Dependence of the H-mode power threshold on toroidal plasma rotation in the DIII-D tokamak

Abstract

The power required to induce the transition from L-mode to H-mode plasmas (L-H transition) is dependent on the applied beam torque and the edge toroidal plasma rotation. For upper single null discharges in which the ion grad-B drift is away from the X-point, the L-H transition power threshold is reduced by nearly a factor of 3 by changing from predominantly co-injection (∼6 MW) to predominantly counter-injection (∼2.2 MW).
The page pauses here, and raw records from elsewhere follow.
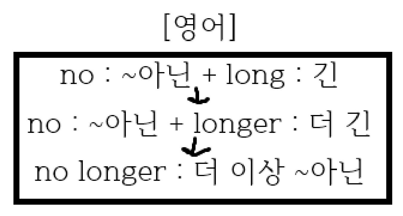 '어떤 상태가 지속되는 시간의 길이에 이전보다 더함이 하나도 없는->어느 한 시점에서 그 시간적 선이 더 길어지지 않게 된->어느 한 시점에서 그 시간적 선이 끊어져버린->더 이상 ~아닌'이라는 의미 변화를 거치며 no longer이란 부사구가 나타납니다.
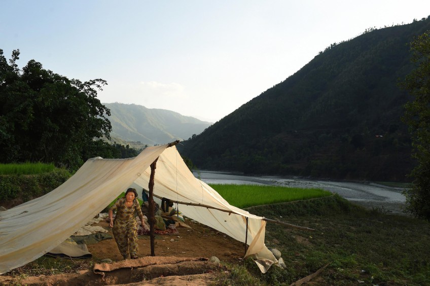 A woman walks out of a tent nestled in a scenic spot on Sunday May 03, 2015 in the Nuwakot District of Nepal. A deadly earthquake in Nepal killed thousands. Tent encampments are a common sight as people have lost their homes or are afraid to return to them because of earthquake damage.
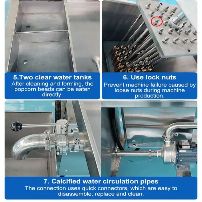 The machine is constructed from durable 304 stainless steel, ensuring longevity and easy maintenance.
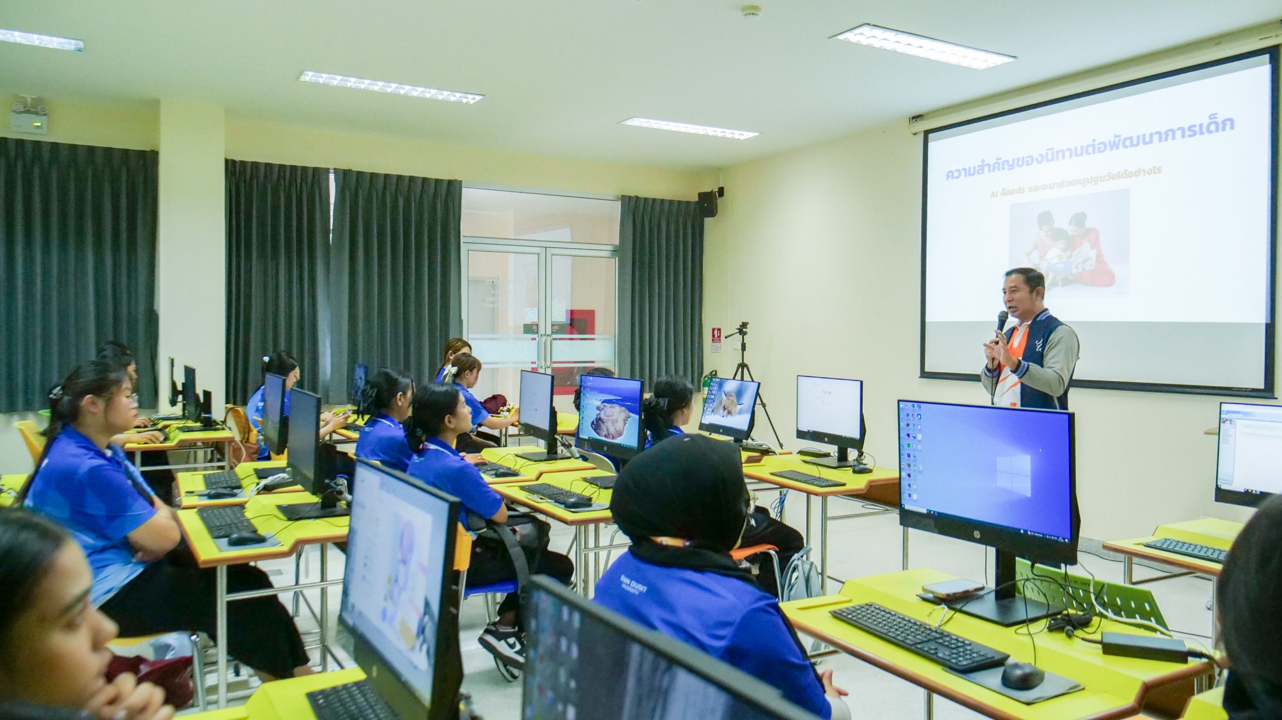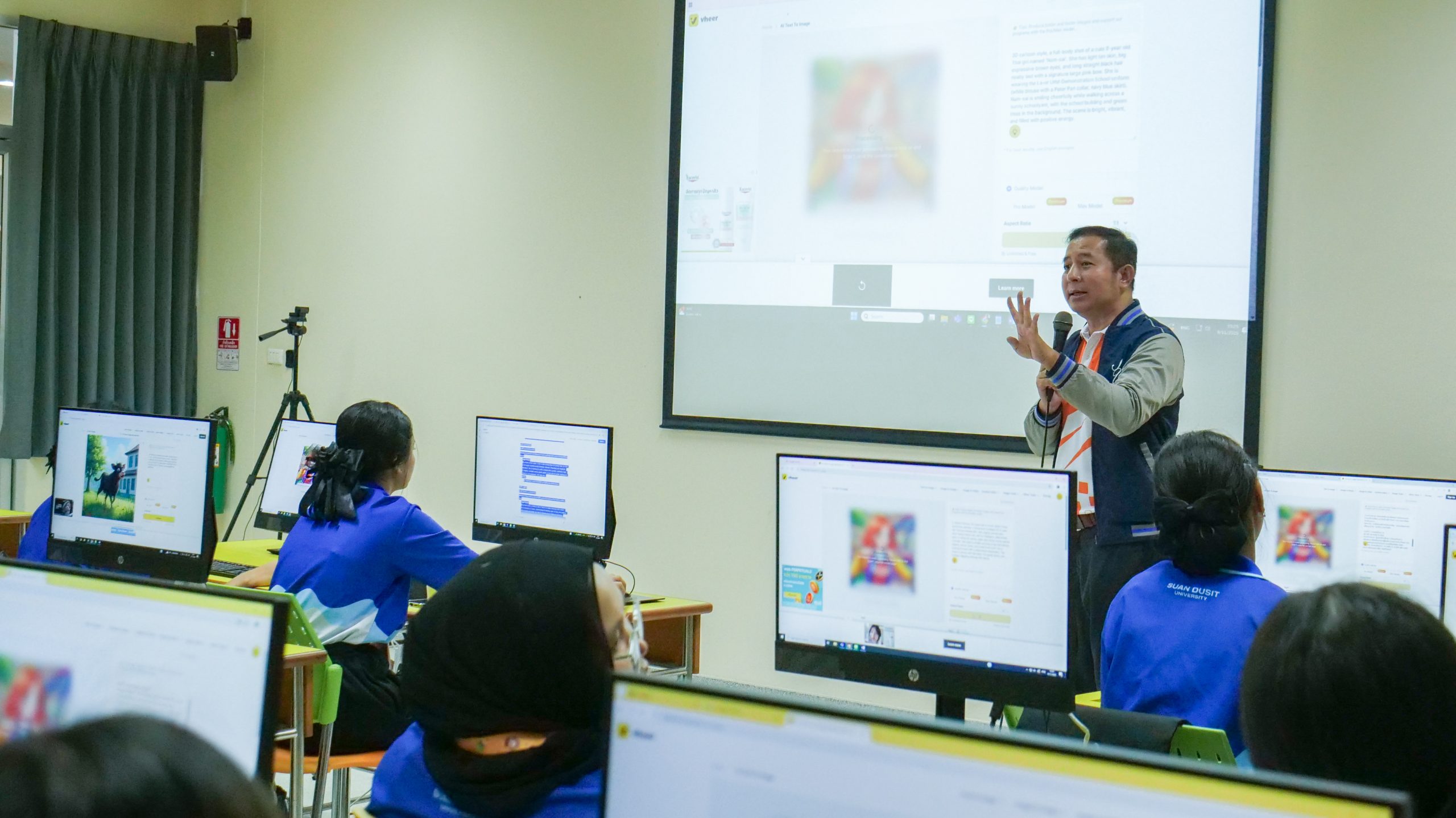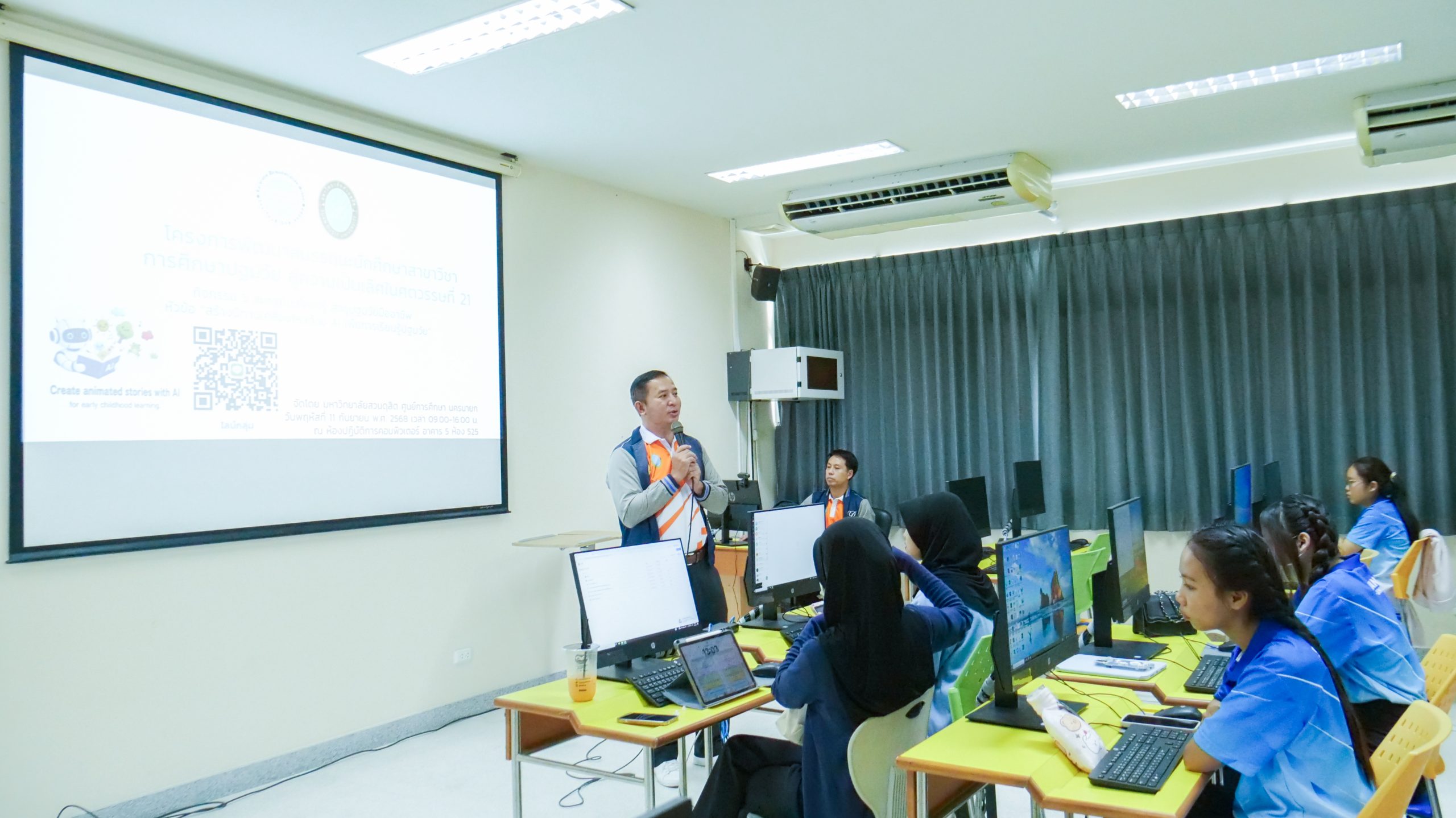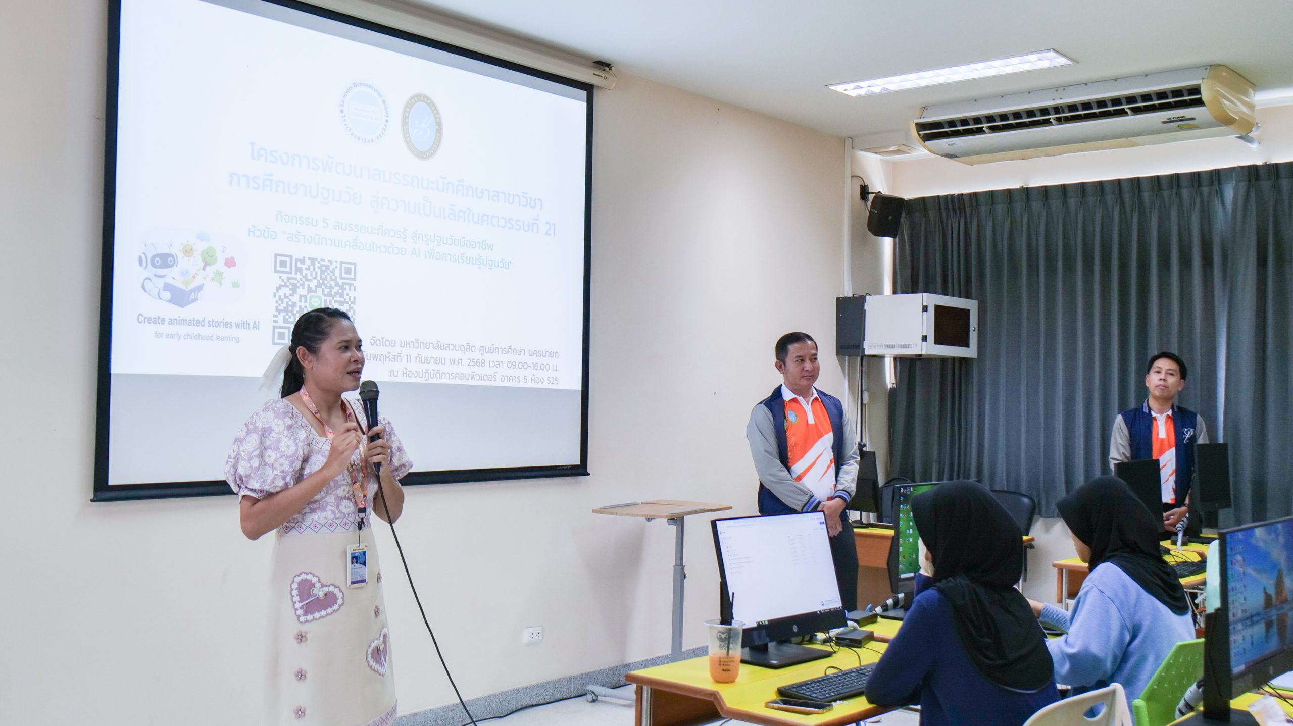 ในวันที่ 11 กันยายน 2568 เวลา 08.30 – 16.00 น. มหาวิทยาลัยสวนดุสิต ศูนย์การศึกษา นครนายก หลักสูตรศึกษาศาสตรบัณฑิต สาขาวิชาการศึกษาปฐมวัย จัดโครงการพัฒนาสมรรถนะนักศึกษา สาขาวิชาการศึกษาปฐมวัยสู่ความเป็นเลิศในศตวรรษที่ 21 ในกิจกรรมสมรรถนะที่ควรรู้ สู่ครูปฐมวัยมืออาชีพ ในหัวข้อ ” สร้างนิทานเคลื่อนไหวด้วย AI เพื่อการเรียนรู้ปฐมวัย” โดยได้รับเกียรติจากผู้ช่วยศาสตราจารย์จุฑาวุฒิ จันทรมาลี และคณะ เป็นวิทยากรให้ความรู้นักศึกษาหลักสูตรศึกษาศาสตรบัณฑิต สาขาวิชาการศึกษาปฐมวัย ชั้นปีที่ 1 – 4 ณ ห้องปฏิบัติการคอมพิวเตอร์ มหาวิทยาลัยสวนดุสิต ศูนย์การศึกษา นครนายก
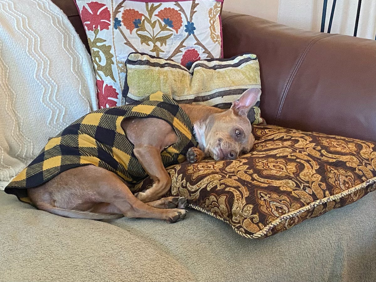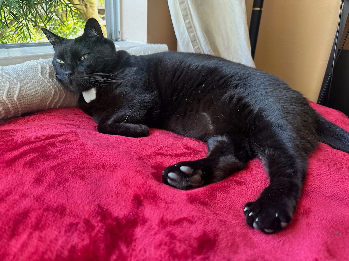 September and October are traditionally the warmest months in San Francisco - and this year we’ve gotten an early start. We’ve had 10 sunny days in August! The boys are loving it, but as the cats are now 11 - they enjoy it by laying in open windows at least as often as they go outside. Frankly Ira is fed up. Because of the grim weather we’ve had previously, our garden isn’t doing well this year - so we’ve spent less time there - and with all the work around our coming merger, I’ve had to be tied to the computer more than either of us prefer. Just the same, he is always a good happy dog. He just sighs more often. He’s going to be So Happy come October!
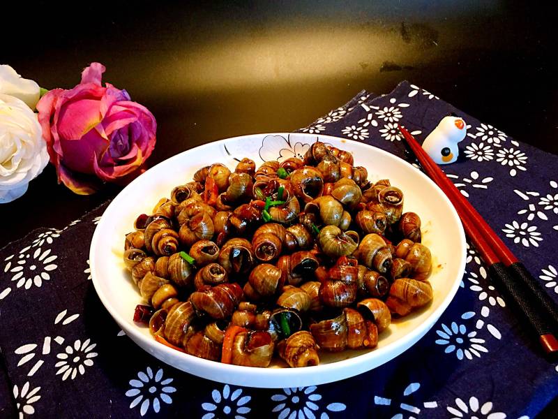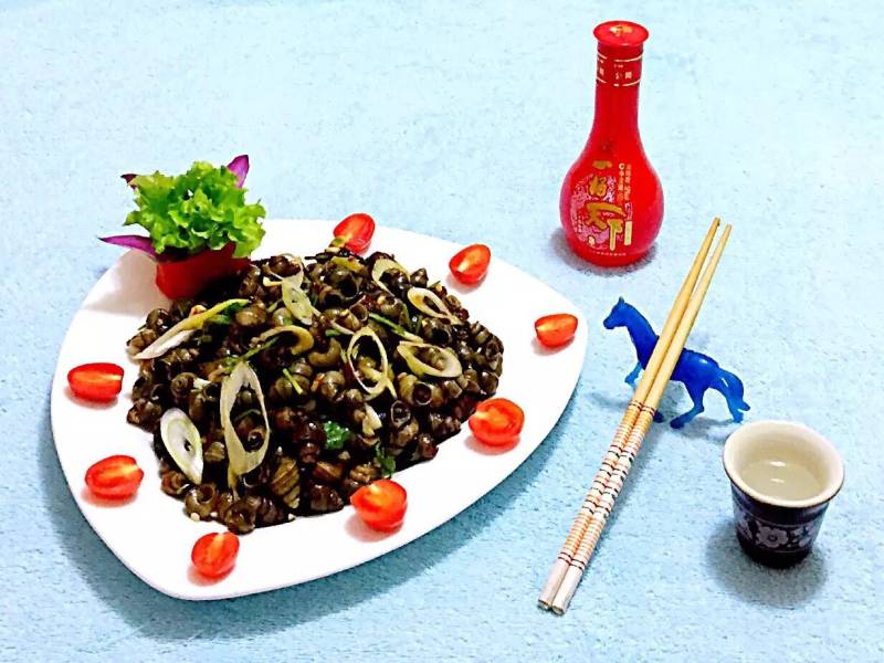 9:田螺炒好撒上香菜、葱段、蒜末翻炒一下即可出锅
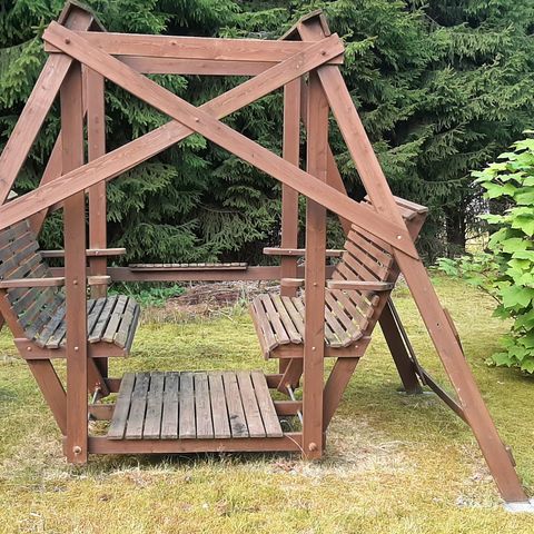 Tuulimylly pihan koristeeksi tai tuulen suuntajan näyttäjäksi Korkeus kurkiaiselle 1,17m siipien kärkiväli 66 cm siivet ja yläosa iroitettavissa kuljetusta varten
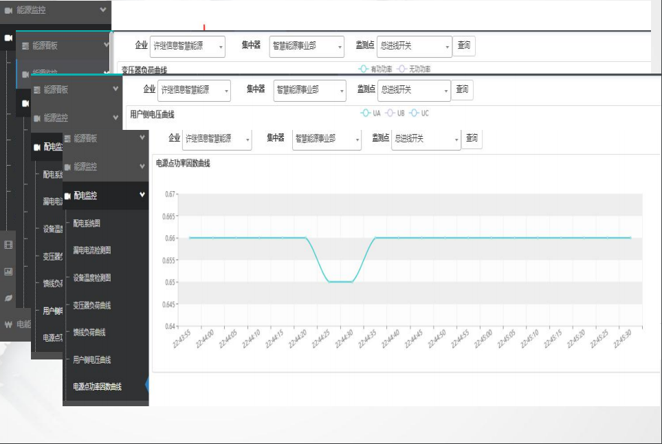 實(shí)時(shí)數(shù)據(jù)監(jiān)測(cè):(電流、電壓、功率、功率因數(shù)、開關(guān)量)支持多曲線呈現(xiàn),秒級(jí)/分鐘級(jí)/信號(hào)
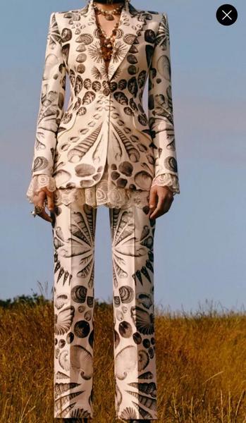 这张也是白色图案西服领套装,腰间的花边延露使这套服装淡化了西服领套装的严肃性,添加了柔美元素
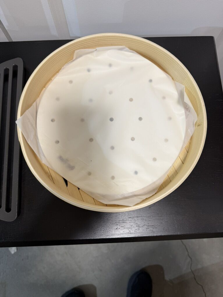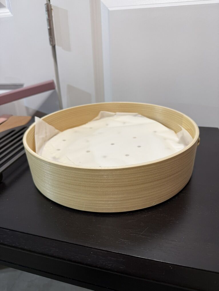 ZellePurple pan with steamer basket, grilling tray, spatula, chopsticks, bamboo steamer basket, and flipper plate. While there is no box, everything is brand new, never been used.
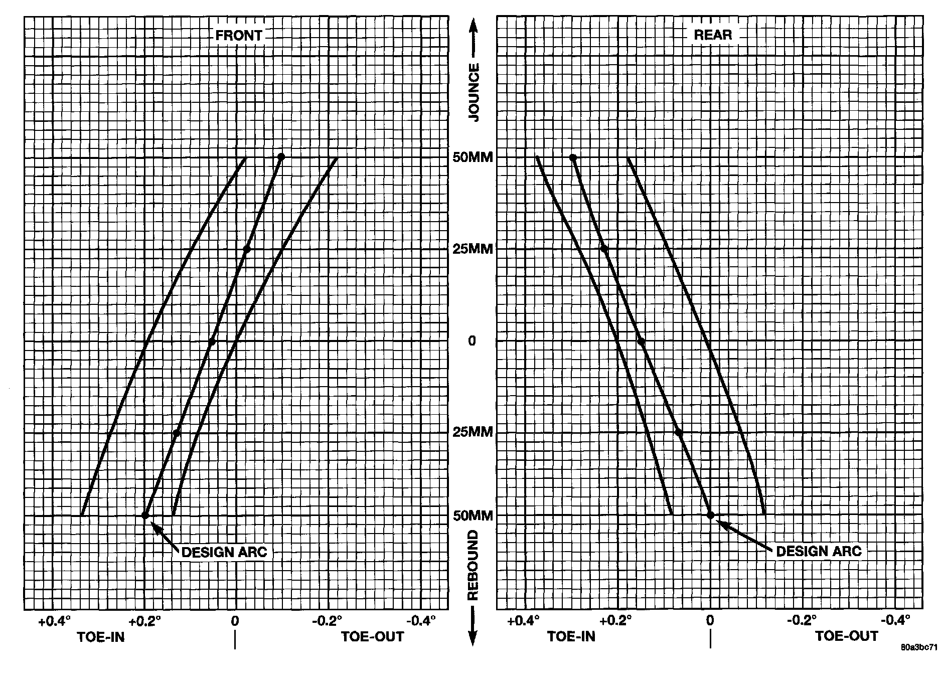 On the front of the vehicle, the tie rods are located in front of the spindles. If the steering gear is raised, toe-in will increase on rebound and toe-out will increase on jounce. If the steering gear is lowered the opposite would occur. The front toe pattern should arc from (-)0.10° toe-out at 50 mm (2 inch) jounce to (+)0.20° toe-in at 50 min (2 inch) rebound.
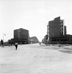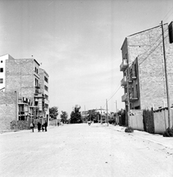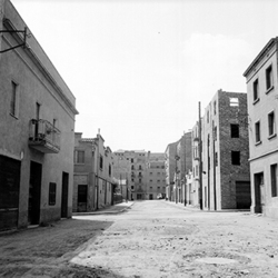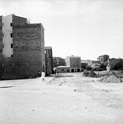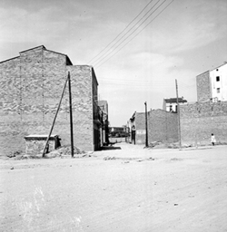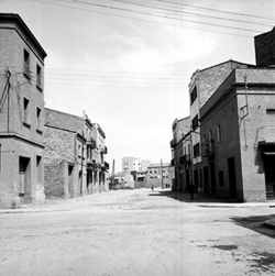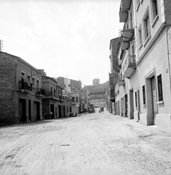 "Carrer Príncep de Viana; al fons hi hauria l’actual Plaça d’Europa i el xamfrà amb l’Avinguda Alcalde Porqueres, antiga carretera nacional núm. 230, i els Blocs Germans Recasens, ja a Balàfia"
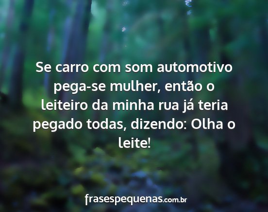 Se carro com som automotivo pega-se mulher, então o leiteiro da minha rua já teria pegado todas, dizendo: Olha o leite!

A similar, but less prominent dependence is observed in lower single null discharges, in which the ion grad-B drift is towards the X-point, where the power threshold is reduced by nearly a factor of 2. Over a similar torque range of 2.0 Nm to -0.5 Nm, the USN discharges exhibit a reduction in threshold power of over 50% and the LSN cases show a power reduction of about 30%. The threshold power decreases with decreasing edge toroidal rotation and, at low edge toroidal rotation, large changes in the shear of the poloidal velocity of the edge turbulent eddies are observed prior to the L-H transition that may be strong enough to induce the transition. For the first time, the L-H transition has been induced at constant input power below the nominal threshold power by reducing the input torque from all co-beams to balanced beams. The variation in threshold power with applied torque is not found to be dependent on the ion orbit losses in the plasma. © 2008 IOP Publishing Ltd.